### MATERIAL PROVIDED
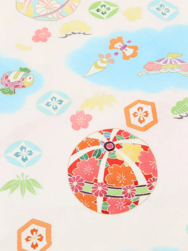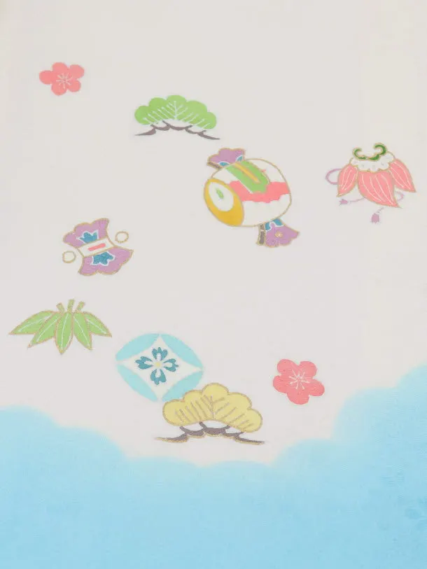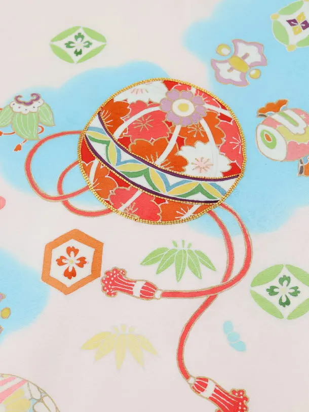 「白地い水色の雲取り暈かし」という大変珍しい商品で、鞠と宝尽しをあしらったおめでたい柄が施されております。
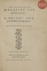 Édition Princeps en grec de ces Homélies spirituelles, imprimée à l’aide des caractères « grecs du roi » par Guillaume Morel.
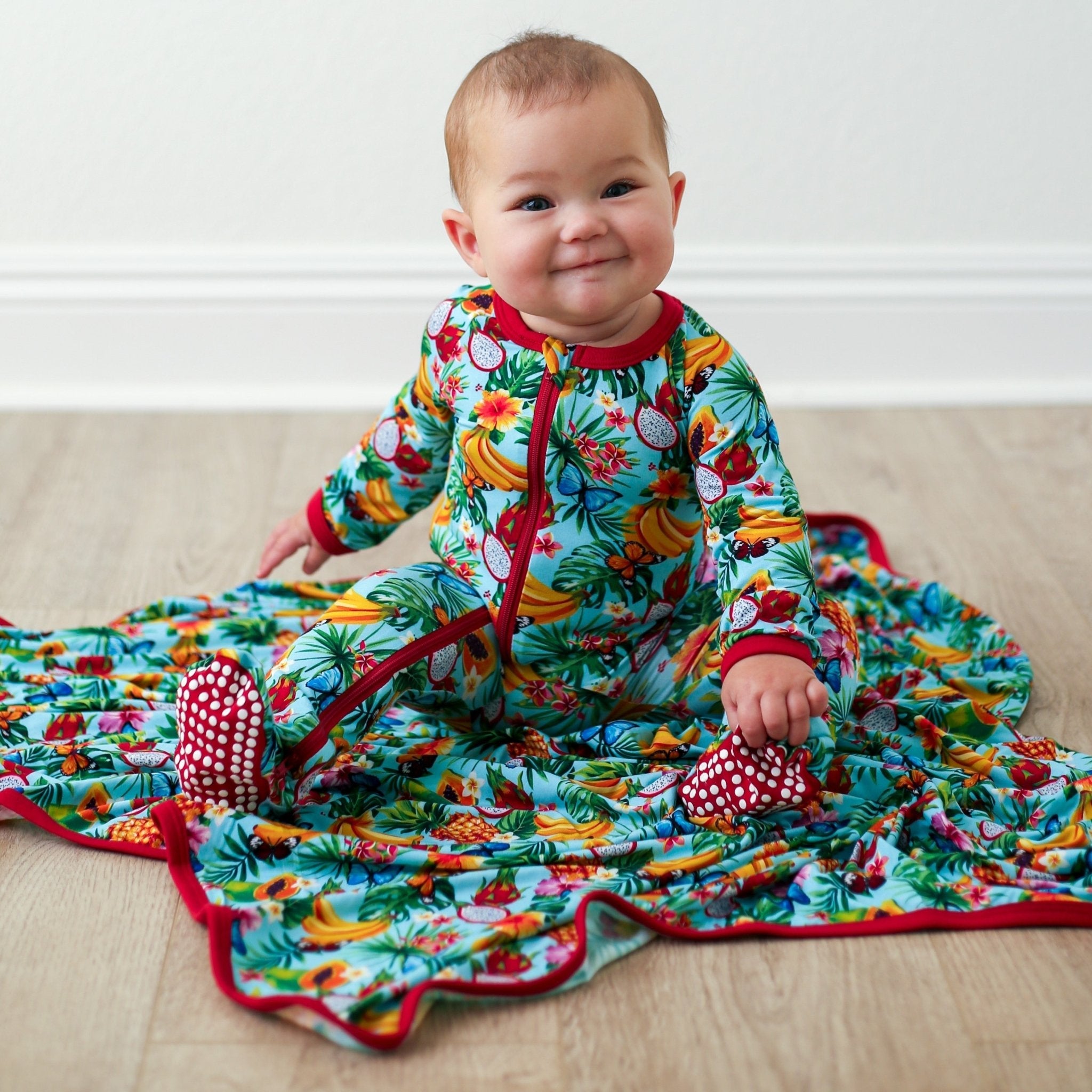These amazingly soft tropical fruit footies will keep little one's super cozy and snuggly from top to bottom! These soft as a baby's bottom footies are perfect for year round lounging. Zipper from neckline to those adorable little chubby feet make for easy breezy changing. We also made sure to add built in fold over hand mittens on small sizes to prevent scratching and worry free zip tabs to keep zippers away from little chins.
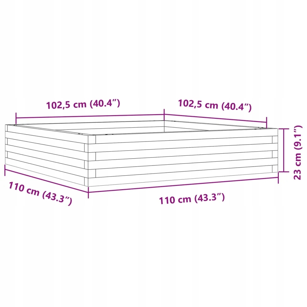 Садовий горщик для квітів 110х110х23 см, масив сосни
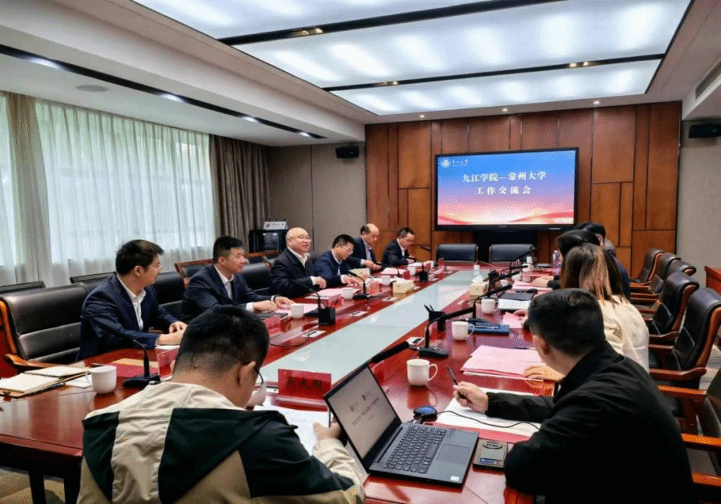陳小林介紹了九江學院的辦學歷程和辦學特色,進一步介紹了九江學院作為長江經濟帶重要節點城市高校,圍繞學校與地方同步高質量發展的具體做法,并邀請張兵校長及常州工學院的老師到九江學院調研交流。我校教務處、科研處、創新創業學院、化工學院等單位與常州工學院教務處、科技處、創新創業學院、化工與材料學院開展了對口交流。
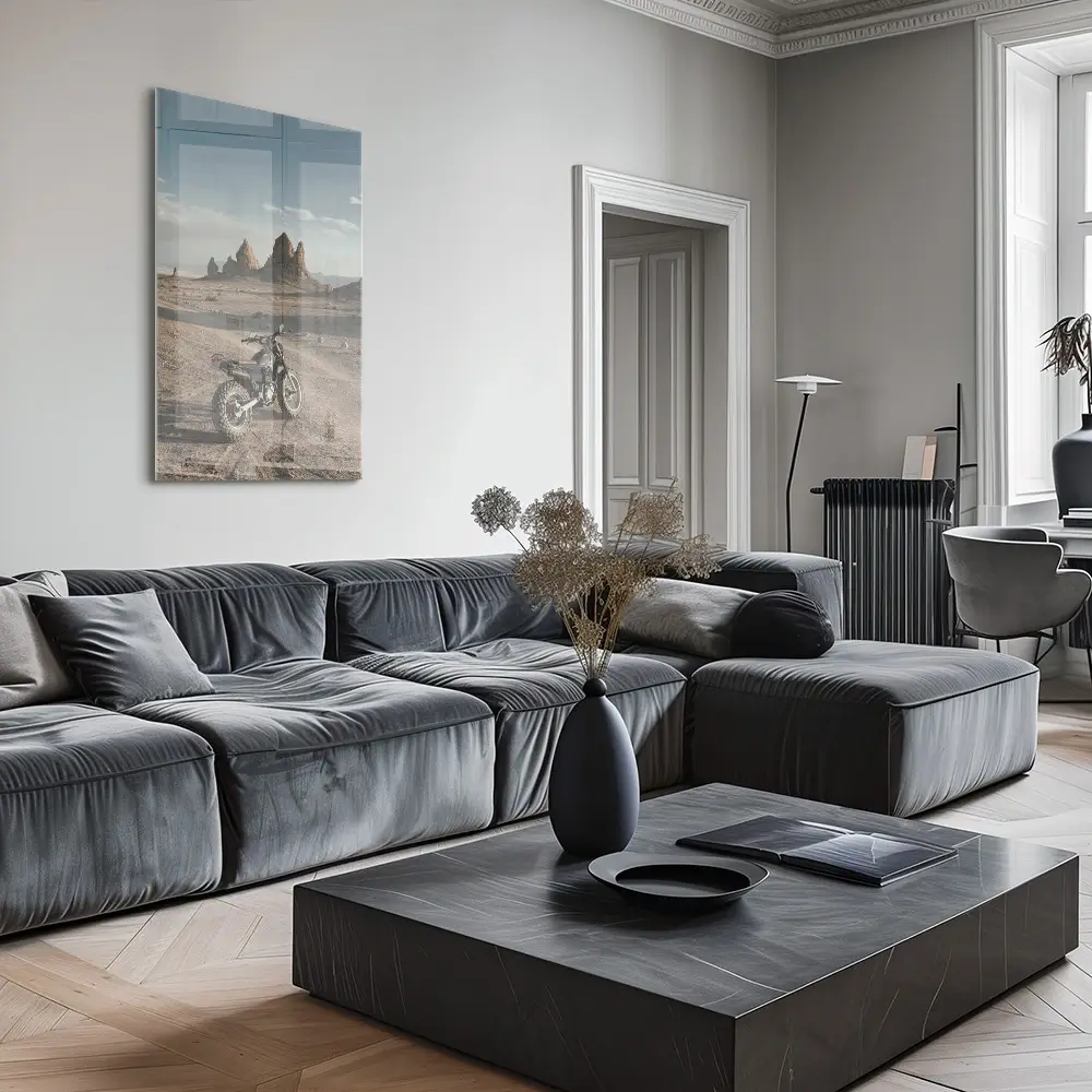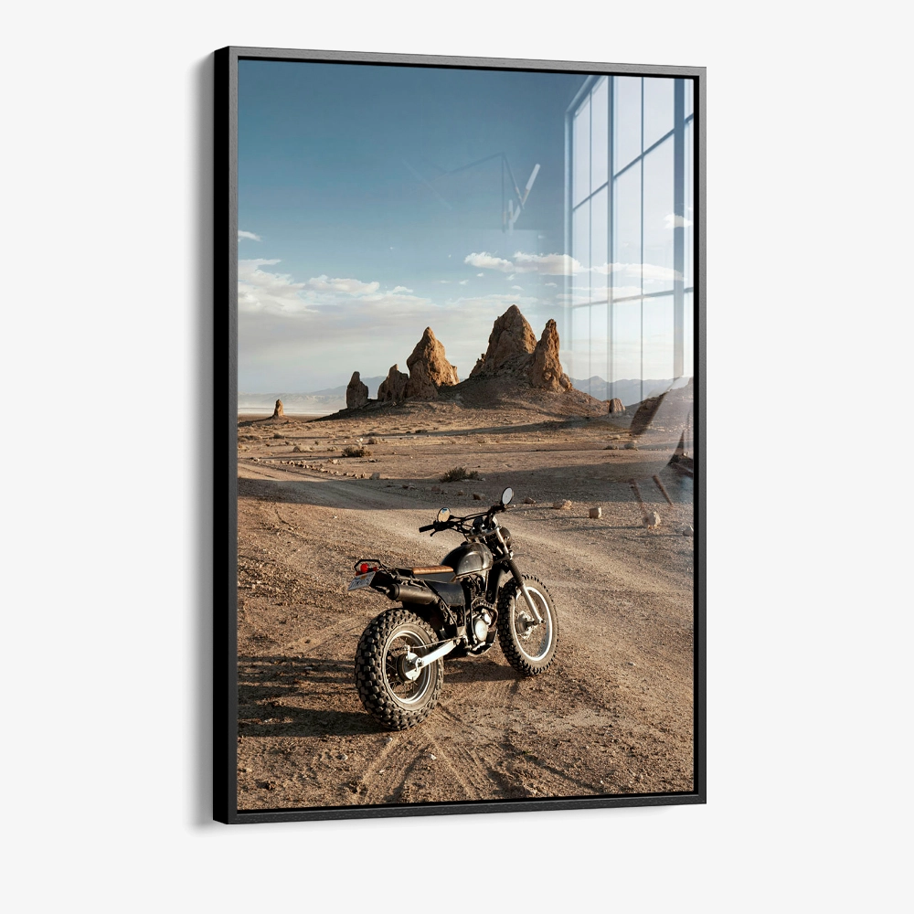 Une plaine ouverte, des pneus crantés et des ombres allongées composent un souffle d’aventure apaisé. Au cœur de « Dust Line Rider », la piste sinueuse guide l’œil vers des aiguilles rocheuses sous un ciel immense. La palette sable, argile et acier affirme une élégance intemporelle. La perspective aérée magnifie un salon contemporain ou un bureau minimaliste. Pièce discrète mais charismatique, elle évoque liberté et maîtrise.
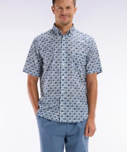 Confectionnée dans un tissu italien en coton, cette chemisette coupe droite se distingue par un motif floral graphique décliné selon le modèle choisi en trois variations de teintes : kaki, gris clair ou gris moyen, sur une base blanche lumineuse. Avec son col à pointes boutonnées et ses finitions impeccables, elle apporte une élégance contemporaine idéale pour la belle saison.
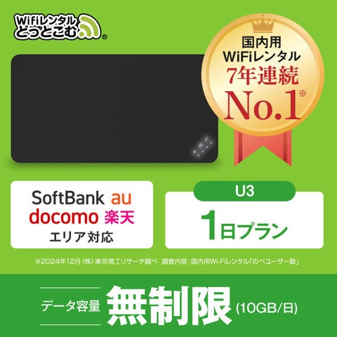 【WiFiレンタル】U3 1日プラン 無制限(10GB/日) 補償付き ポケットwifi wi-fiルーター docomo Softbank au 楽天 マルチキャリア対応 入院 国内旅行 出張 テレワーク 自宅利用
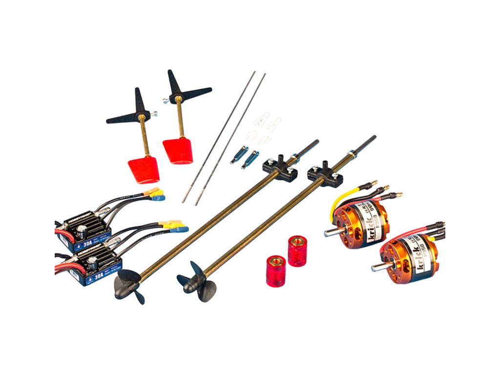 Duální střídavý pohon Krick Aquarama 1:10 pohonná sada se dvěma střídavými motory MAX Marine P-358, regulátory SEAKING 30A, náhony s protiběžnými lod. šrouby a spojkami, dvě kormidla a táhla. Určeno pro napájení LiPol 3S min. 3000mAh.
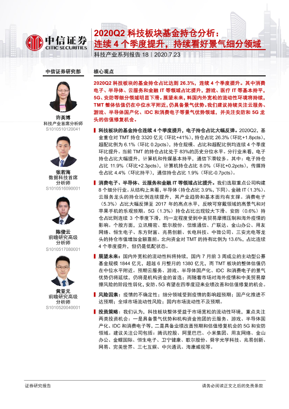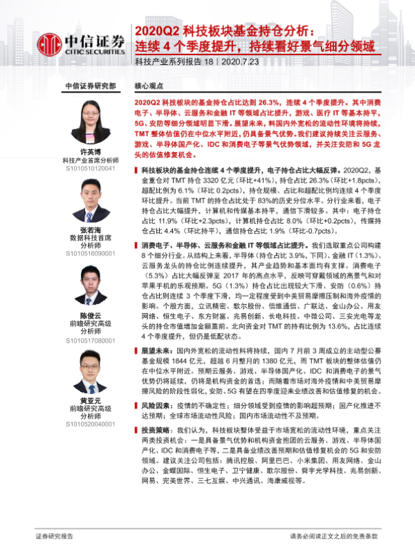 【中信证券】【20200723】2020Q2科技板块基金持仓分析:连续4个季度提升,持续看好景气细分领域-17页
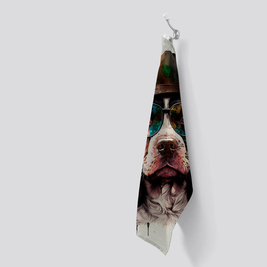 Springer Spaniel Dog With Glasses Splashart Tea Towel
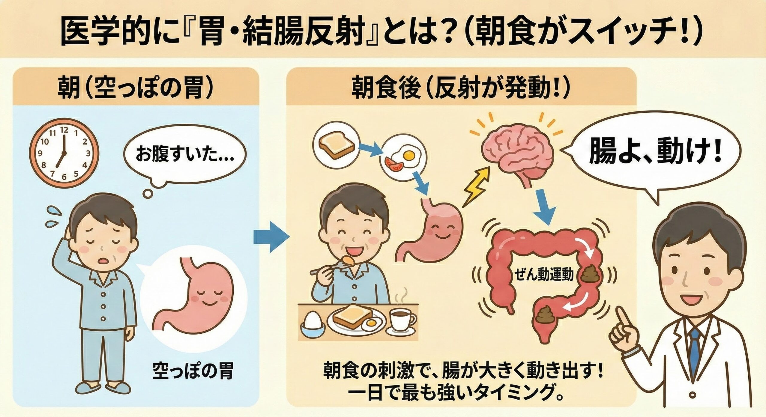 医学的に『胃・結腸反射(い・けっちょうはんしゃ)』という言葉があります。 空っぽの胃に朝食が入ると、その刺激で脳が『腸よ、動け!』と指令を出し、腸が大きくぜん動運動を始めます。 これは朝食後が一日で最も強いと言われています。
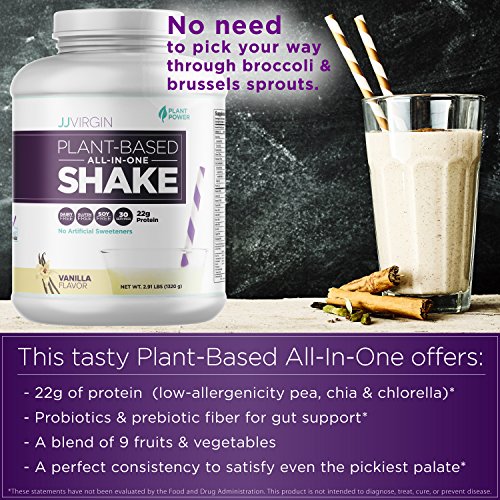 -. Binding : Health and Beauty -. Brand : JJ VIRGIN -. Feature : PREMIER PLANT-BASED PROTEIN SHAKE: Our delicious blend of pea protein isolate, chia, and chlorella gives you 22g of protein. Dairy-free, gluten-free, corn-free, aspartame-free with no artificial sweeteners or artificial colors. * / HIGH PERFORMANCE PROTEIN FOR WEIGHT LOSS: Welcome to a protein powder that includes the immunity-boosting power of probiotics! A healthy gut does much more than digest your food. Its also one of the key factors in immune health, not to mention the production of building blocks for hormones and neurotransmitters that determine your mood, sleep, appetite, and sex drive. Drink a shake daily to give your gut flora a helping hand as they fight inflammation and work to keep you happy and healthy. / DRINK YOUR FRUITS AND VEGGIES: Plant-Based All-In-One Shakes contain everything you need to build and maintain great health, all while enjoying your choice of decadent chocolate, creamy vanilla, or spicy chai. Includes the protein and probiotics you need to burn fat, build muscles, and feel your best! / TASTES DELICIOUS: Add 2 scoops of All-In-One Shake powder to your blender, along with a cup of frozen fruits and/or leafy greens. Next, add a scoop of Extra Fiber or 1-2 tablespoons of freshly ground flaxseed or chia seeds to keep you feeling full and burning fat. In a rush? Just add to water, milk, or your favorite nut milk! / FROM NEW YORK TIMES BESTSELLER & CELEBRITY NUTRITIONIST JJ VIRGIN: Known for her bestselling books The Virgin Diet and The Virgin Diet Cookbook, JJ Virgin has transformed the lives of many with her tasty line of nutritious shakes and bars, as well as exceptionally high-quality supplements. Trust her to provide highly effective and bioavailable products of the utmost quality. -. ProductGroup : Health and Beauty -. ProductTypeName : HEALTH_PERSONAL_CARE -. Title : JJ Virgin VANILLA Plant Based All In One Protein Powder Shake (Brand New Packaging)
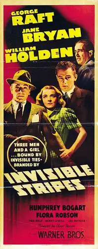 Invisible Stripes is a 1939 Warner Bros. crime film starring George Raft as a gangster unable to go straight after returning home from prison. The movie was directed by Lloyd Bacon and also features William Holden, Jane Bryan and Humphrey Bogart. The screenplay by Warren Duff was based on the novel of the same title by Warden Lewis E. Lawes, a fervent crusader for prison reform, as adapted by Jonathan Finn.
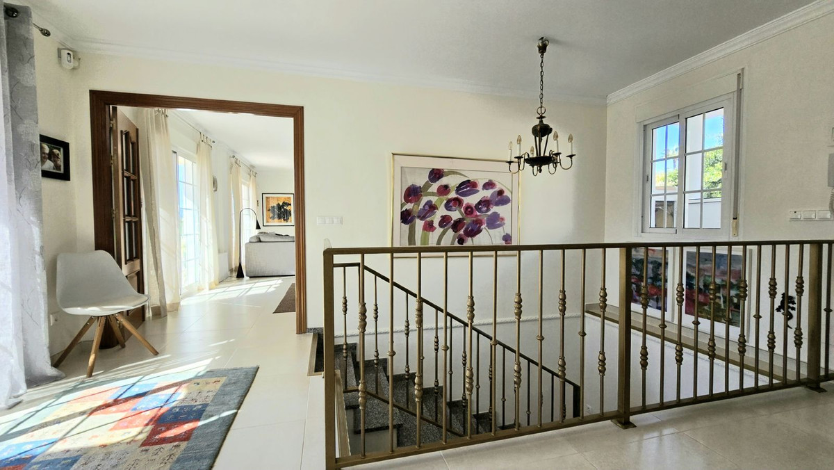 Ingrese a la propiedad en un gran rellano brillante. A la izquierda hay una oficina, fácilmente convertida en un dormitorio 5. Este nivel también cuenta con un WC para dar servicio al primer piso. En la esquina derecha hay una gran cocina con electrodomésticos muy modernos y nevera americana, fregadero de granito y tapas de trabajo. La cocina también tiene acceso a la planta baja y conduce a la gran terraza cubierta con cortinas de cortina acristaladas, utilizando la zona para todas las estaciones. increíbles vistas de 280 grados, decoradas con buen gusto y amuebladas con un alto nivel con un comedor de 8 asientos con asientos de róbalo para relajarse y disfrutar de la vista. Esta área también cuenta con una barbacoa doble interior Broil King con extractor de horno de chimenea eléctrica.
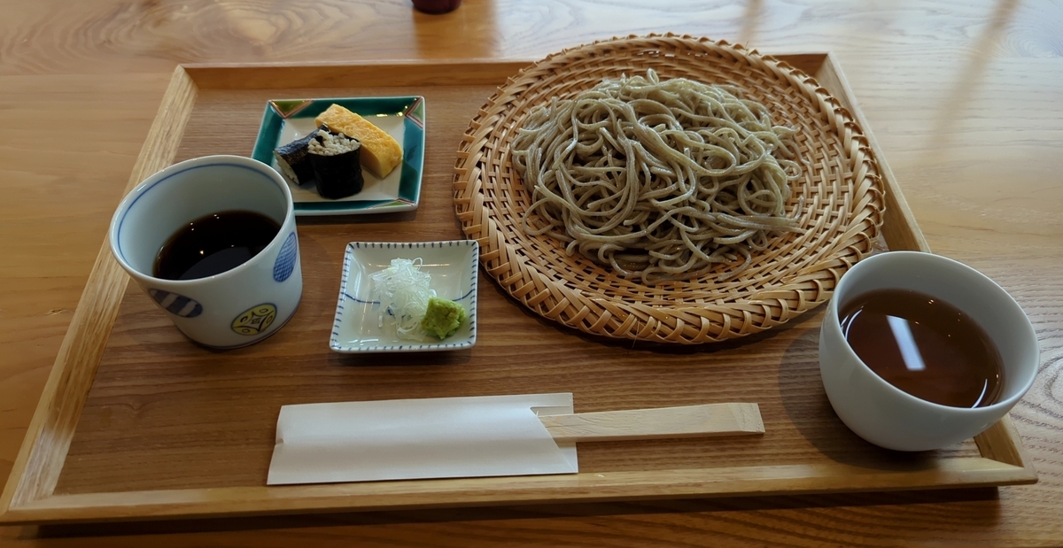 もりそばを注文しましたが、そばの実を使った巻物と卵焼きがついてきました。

### WHAT IS BEING ASKED
Give back, exactly and with nothing added, the lines from the line with "Invisible Stripes is" through the final line of the data, both included; leave pictures out.

### ANSWER TO THIS EXERCISE
 Invisible Stripes is a 1939 Warner Bros. crime film starring George Raft as a gangster unable to go straight after returning home from prison. The movie was directed by Lloyd Bacon and also features William Holden, Jane Bryan and Humphrey Bogart. The screenplay by Warren Duff was based on the novel of the same title by Warden Lewis E. Lawes, a fervent crusader for prison reform, as adapted by Jonathan Finn.
 Ingrese a la propiedad en un gran rellano brillante. A la izquierda hay una oficina, fácilmente convertida en un dormitorio 5. Este nivel también cuenta con un WC para dar servicio al primer piso. En la esquina derecha hay una gran cocina con electrodomésticos muy modernos y nevera americana, fregadero de granito y tapas de trabajo. La cocina también tiene acceso a la planta baja y conduce a la gran terraza cubierta con cortinas de cortina acristaladas, utilizando la zona para todas las estaciones. increíbles vistas de 280 grados, decoradas con buen gusto y amuebladas con un alto nivel con un comedor de 8 asientos con asientos de róbalo para relajarse y disfrutar de la vista. Esta área también cuenta con una barbacoa doble interior Broil King con extractor de horno de chimenea eléctrica.
 もりそばを注文しましたが、そばの実を使った巻物と卵焼きがついてきました。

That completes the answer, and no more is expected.